Writing an essay about a poem is both similar to and different from writing an essay about a
short story. Here are some tips and suggestions:

Like all essays you will write for this class:

 You need a central claim that takes a debatable position on the poem.

 You need to support that claim using evidence from the text, and you need to analyze that
evidence, explaining how it supports your claim.

 However, unlike an essay about a story or a play, an essay about a poem will often focus
more on figurative language and formal poetic devices and less on character development
and narrative. A poem, in many ways, is more similar to a song than to a novel or film.

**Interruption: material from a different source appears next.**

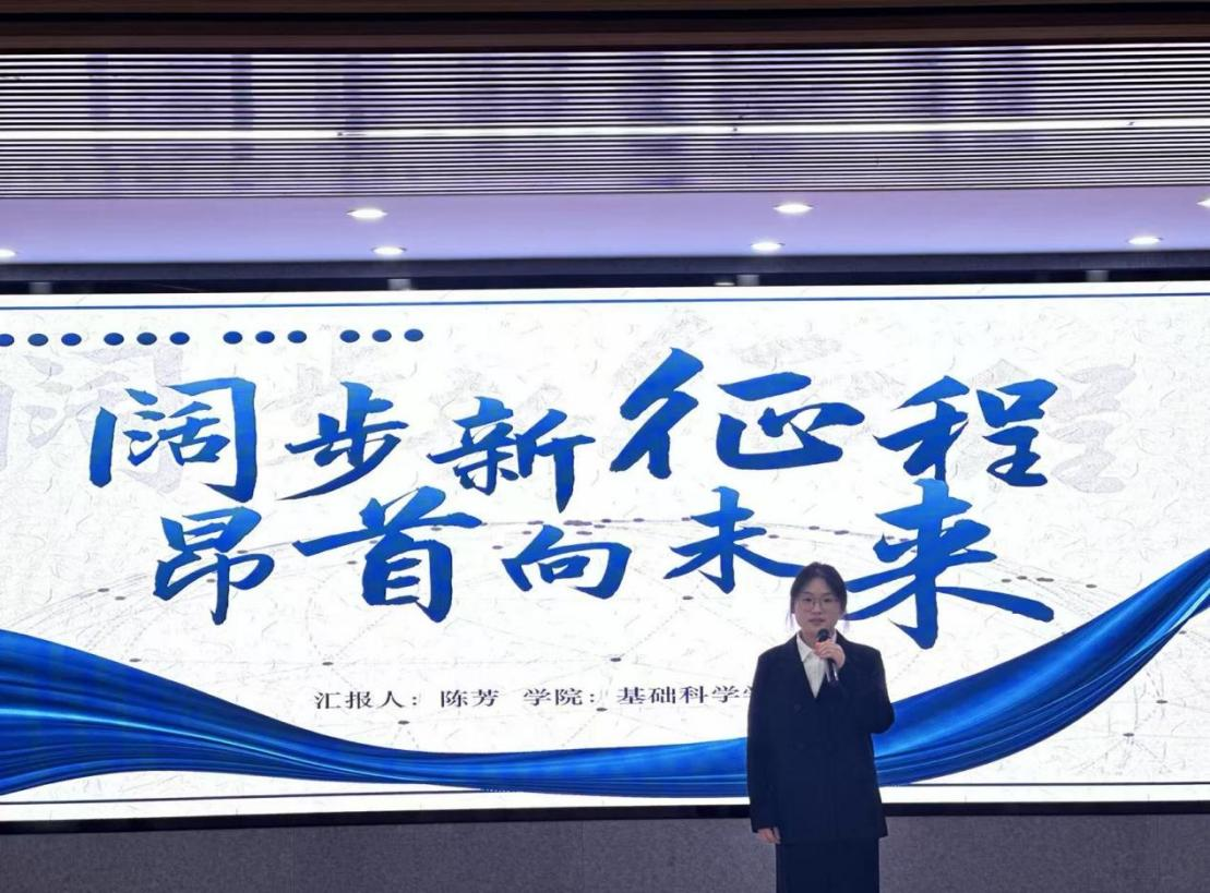 基础科学学院陈芳分享了学生工作给自己带来的成长与收获,表示三年的学生工作经历提升了自己解决问题的能力、协同工作的意识以及为同学服务的责任与担当。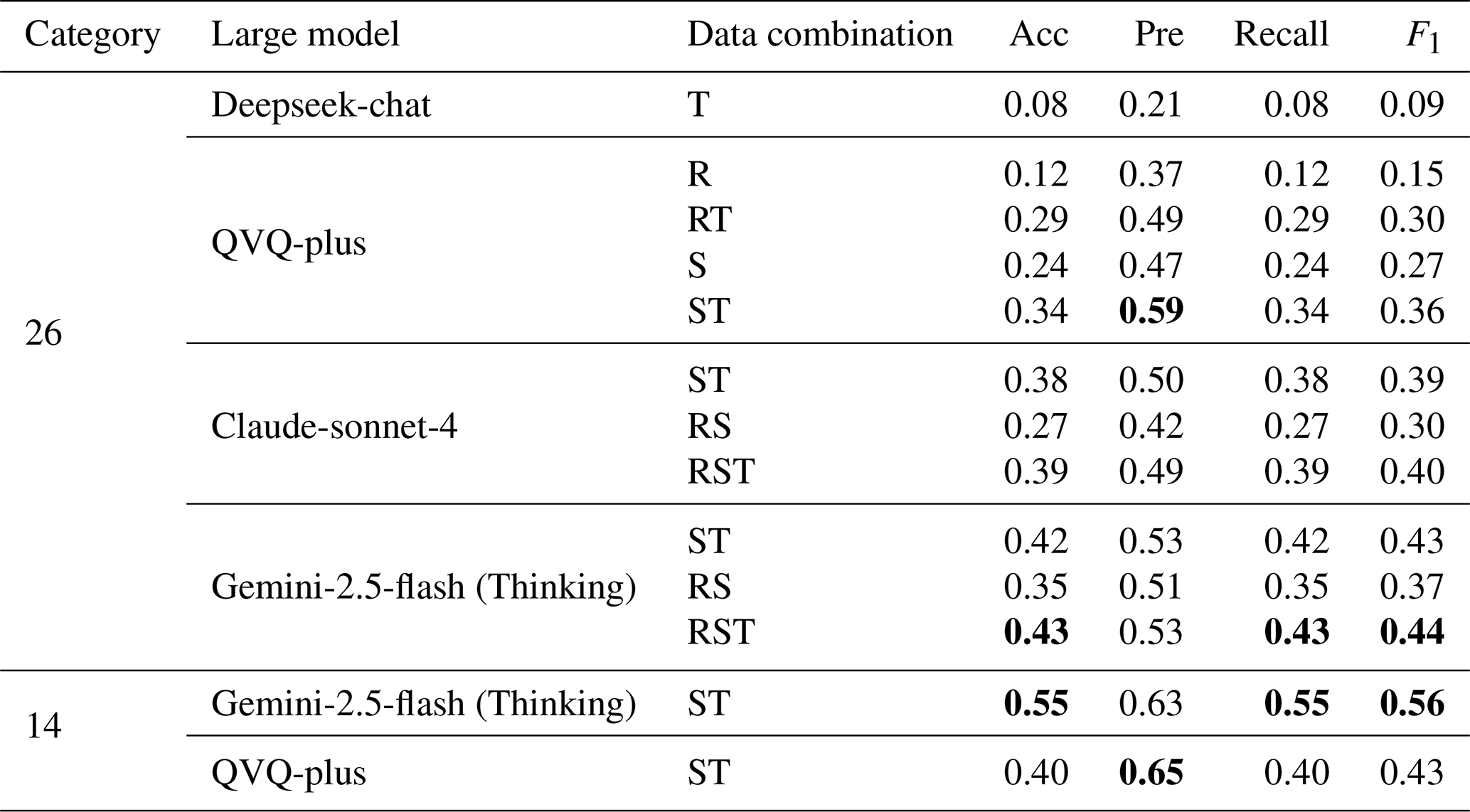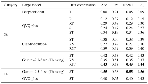 First, we evaluated performance across different categories of granularity under the ST data combination (Gemini-2.5-flash (Thinking) and QVQ-plus). The two models are chosen for their superior performance in terms of accuracy and precision. As demonstrated in Table 7, the model's accuracy improved significantly in land use classification, achieving a maximum accuracy of 0.55. Notably, this result is attained solely through prompt engineering and dual-modal data fusion (without fine-tuning or external knowledge injection). This performance is striking compared to the 0.6 accuracy reported in remote sensing-only studies (albeit with different modalities) (He et al., 2024), underscoring that the large model can comprehend the multimodal data and make logical inference. The advantage challenges that the large models remain limited in performance when they encounter multimodal spatial data.

Here, then, are THREE STEPS to analyzing figurative language in a poem:

1) Identify what it is (metaphor, simile, personification, metonymy, assonance, alliteration, etc,


or significant diction, line breaks, punctuation, syntactical choices, etc).

2) Explain what that poetic, figurative language means in that particular part of the poem. This
could include saying what two things are being compared, what symbolizes what, how one
object stands in for an emotion or idea, the significance of the line or image, etc. (For example, a
rose symbolizes love, a black shoe represents the overbearing presence of the father in the
speaker’s life, etc.)

3) Describe how that figurative language relates to the overall meaning, theme or purpose of the
poem. The overall meaning, theme or significance of the poem will depend on what your central
claim is. Your central claim is your interpretation of the poem, so step three ensures that your
analysis links back to your central claim.

Here’s an example of a passage on Sylvia Plath’s “Daddy” that follows all three steps.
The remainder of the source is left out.